For those of you who haven’t heard the term, hedonic adaptation was coined by psychologists, Philip Brickman and Donald Campbell in their 1971 paper, “Hedonic Relativism and Planning the Good Society.” They wrote, “The nature of [adaptation] condemns men to live on a hedonic treadmill” and “to seek new levels of stimulation merely to maintain old levels of subjective pleasure, to never achieve any kind of permanent happiness or satisfaction.” Arthur Brooks visited the topic in the March 2022 cover story for The Atlantic magazine, “How To Want Less.” He contends that, “the secret to satisfaction has nothing to do with achievement, money, or stuff.” Arthur describes how he wrote a list of the things he hoped to accomplish in his life. After finding that list a mere 8 years later, he realized that he had achieved everything on it, and yet, no long lasting satisfaction was apparent. How cruel really, that our brains work in such a way to constantly reset to our current state of mind, to our success level, number of possessions, etc. It takes an active engagement to combat this reality. Many of us devote our lives to being successful and often equate that success to earning more and more money.
I think back to where I was just five years ago and how I wanted everything that I have now. And now, am I truly happy? Sometimes. But this I can tell you - instead of being insanely grateful for all that I have, I want more still. How much time with my children have I missed to achieve the ‘greatness’ in my work that continues to elude me? More than I care to dwell on, my friends. And more than I care to carry through to the next ~10 years that I am lucky enough to have them with us in our home.
Keep in mind that this tendency evolved within us as a survival technique, for sure. We needed to keep striving to stay alive and to create more opportunities for our offspring. Now, we have perverted this desire. Many of us have more than we could ever need and are not under flight or fight threat like once were but the coding embedded deep in our brains remains.
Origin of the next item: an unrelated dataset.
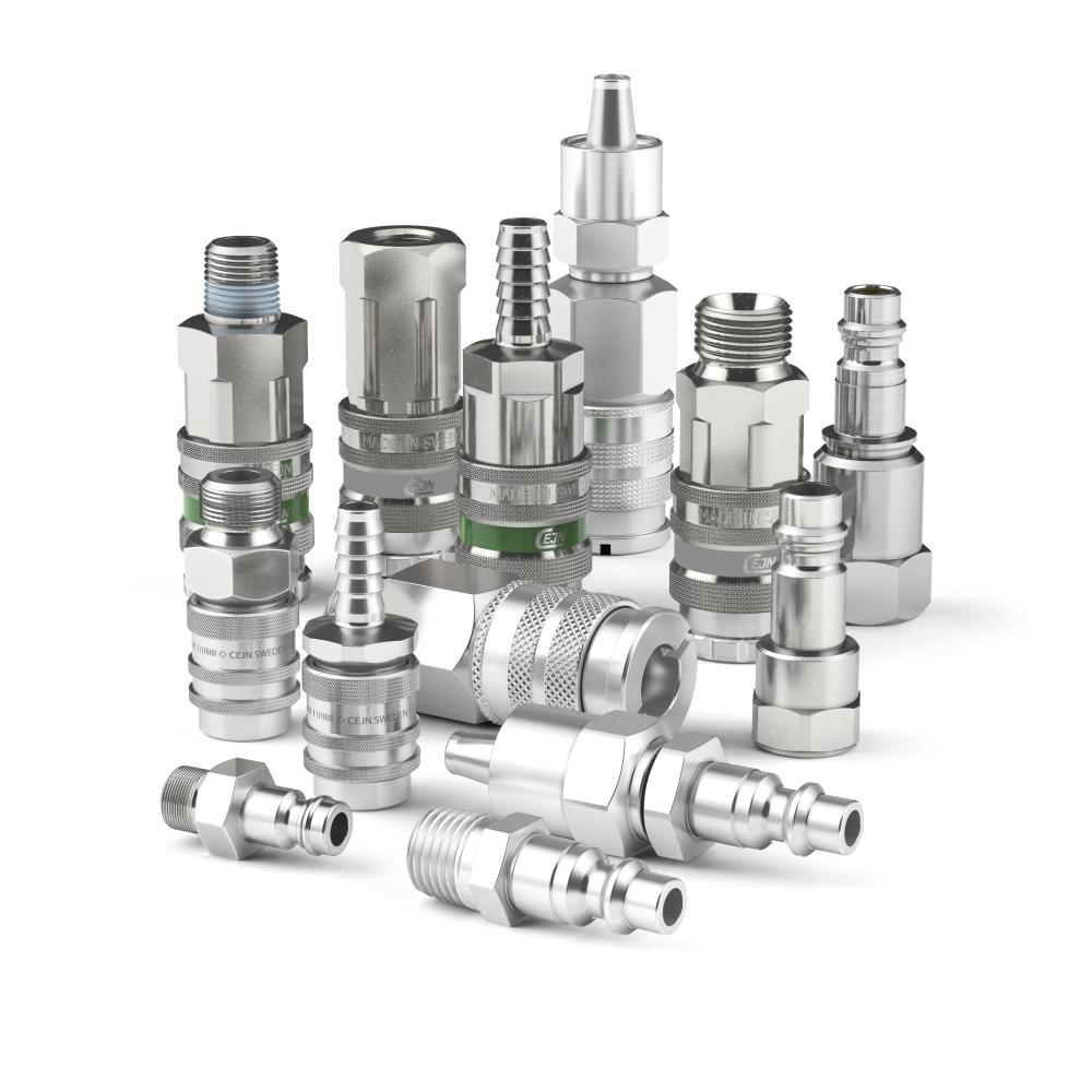 Välj mellan invändig gänga, utvändig gänga och slang stolpe, finns även att beställa med NPT gänga och Stream-Line efter förfrågan.

What is the answer? How do we combat this innate tendency to always want more? Quite simply, to actively reduce your desires. To hone the wants and align each with your values. To simplify. Arthur Brooks explains it like this, “In truth, our formula, Satisfaction = getting what you want, leaves out one key component. To be more accurate, it should be: Satisfaction = what you have / what you want.” In that case, it follows that if you reduce the denominator, satisfaction will automatically increase. Basic math. Voilà! Easier said than done but let’s give it a try. Everyday. How wonderful to focus on what I have and not what I want. To be content with today. And when I add to the denominator, to make sure there is room for it without compromising my values.
For me, this is a slow process. An exploration.
How can I share rather than accumulate?
How can I support my family and their goals?
How can I align my work with my values?
How can I have more fun?
When the kids were little, we created a mantra for our family. A few years back, we took the TV out of the main room and replaced it with our family creation exemplifying the mantra. A constant reminder of what is important to us. Turns out, this mantra embodies slow living. More of this in the world, please.